* [DIRECTIONS FOR THIS TASK]: With the pictures omitted, repeat exactly the lines below starting with the line that has "1.57 แสนล้าน มาเป็นงบพยุง" and going on through the line that has "Ниже представлены справочные".

* [RECORDS PROVIDED]:
_____
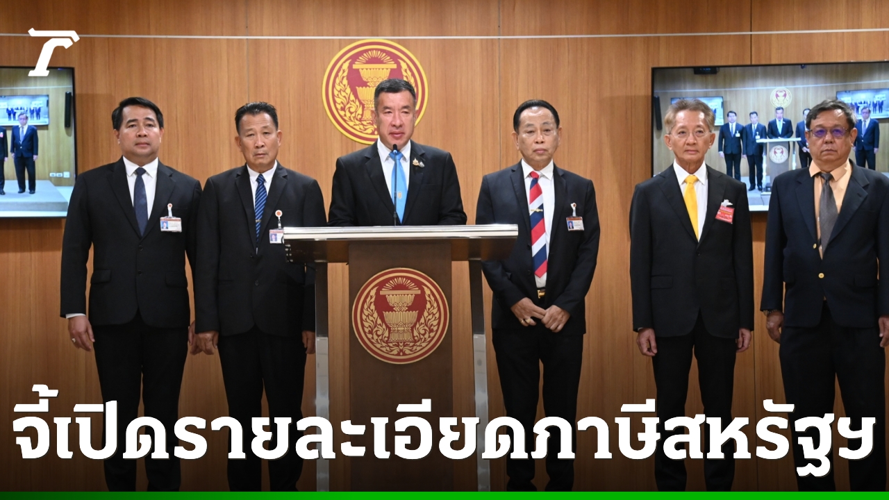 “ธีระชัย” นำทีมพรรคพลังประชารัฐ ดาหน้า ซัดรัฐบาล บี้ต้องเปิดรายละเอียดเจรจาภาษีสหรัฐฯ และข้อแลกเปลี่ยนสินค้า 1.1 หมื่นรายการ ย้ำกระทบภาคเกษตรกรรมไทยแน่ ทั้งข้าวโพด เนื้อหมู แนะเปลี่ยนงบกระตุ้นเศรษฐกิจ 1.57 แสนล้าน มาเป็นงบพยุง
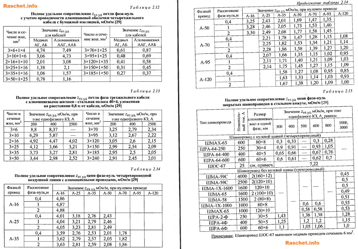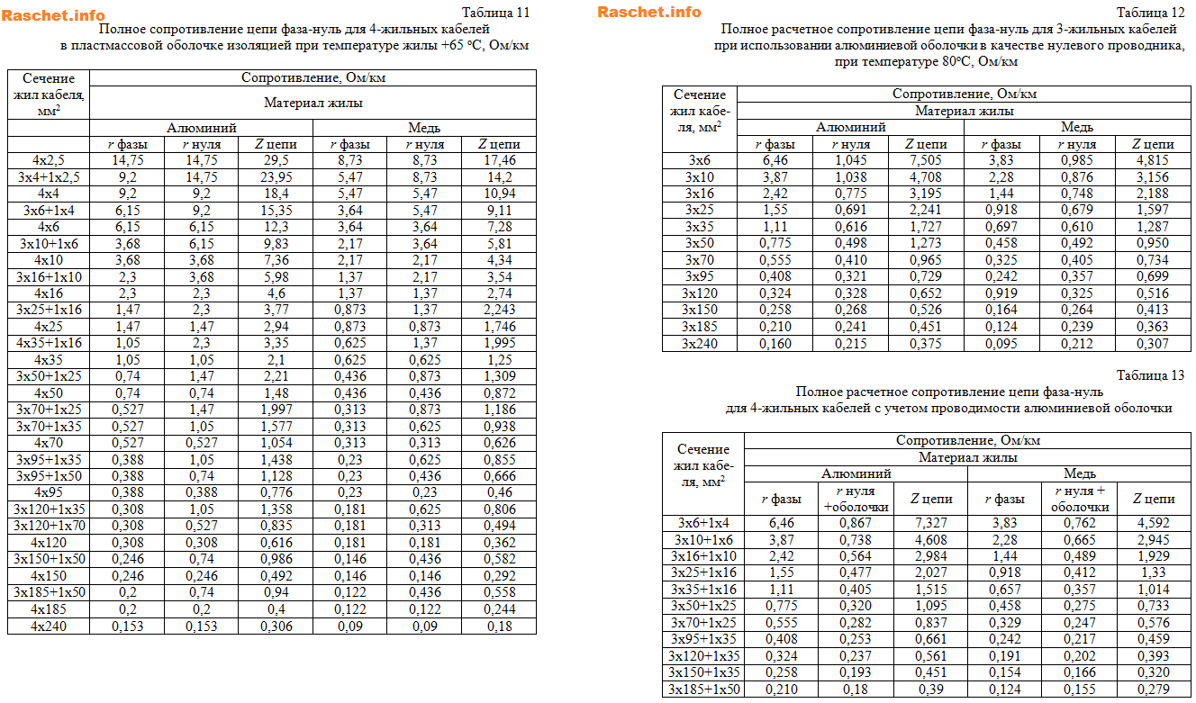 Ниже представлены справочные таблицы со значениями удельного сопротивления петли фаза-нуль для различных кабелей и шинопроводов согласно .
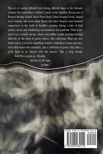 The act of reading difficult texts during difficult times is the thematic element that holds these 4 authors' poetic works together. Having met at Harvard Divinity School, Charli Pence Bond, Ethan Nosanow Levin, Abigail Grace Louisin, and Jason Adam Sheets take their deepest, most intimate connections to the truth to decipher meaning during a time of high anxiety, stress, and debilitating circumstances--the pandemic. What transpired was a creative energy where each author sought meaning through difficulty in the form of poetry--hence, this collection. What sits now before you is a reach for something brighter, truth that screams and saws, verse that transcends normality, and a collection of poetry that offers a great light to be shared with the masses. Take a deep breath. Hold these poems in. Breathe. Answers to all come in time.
_____
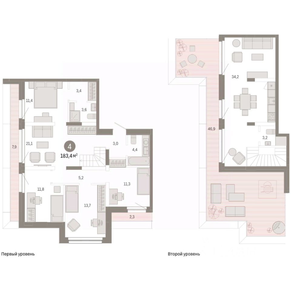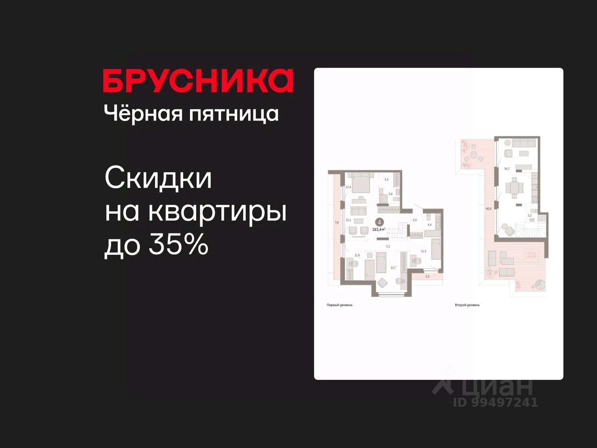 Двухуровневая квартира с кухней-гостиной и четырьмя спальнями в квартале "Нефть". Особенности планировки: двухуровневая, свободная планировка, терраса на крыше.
_____
* [SOLUTION TO THE PROBLEM]:
 “ธีระชัย” นำทีมพรรคพลังประชารัฐ ดาหน้า ซัดรัฐบาล บี้ต้องเปิดรายละเอียดเจรจาภาษีสหรัฐฯ และข้อแลกเปลี่ยนสินค้า 1.1 หมื่นรายการ ย้ำกระทบภาคเกษตรกรรมไทยแน่ ทั้งข้าวโพด เนื้อหมู แนะเปลี่ยนงบกระตุ้นเศรษฐกิจ 1.57 แสนล้าน มาเป็นงบพยุง
 Ниже представлены справочные таблицы со значениями удельного сопротивления петли фаза-нуль для различных кабелей и шинопроводов согласно .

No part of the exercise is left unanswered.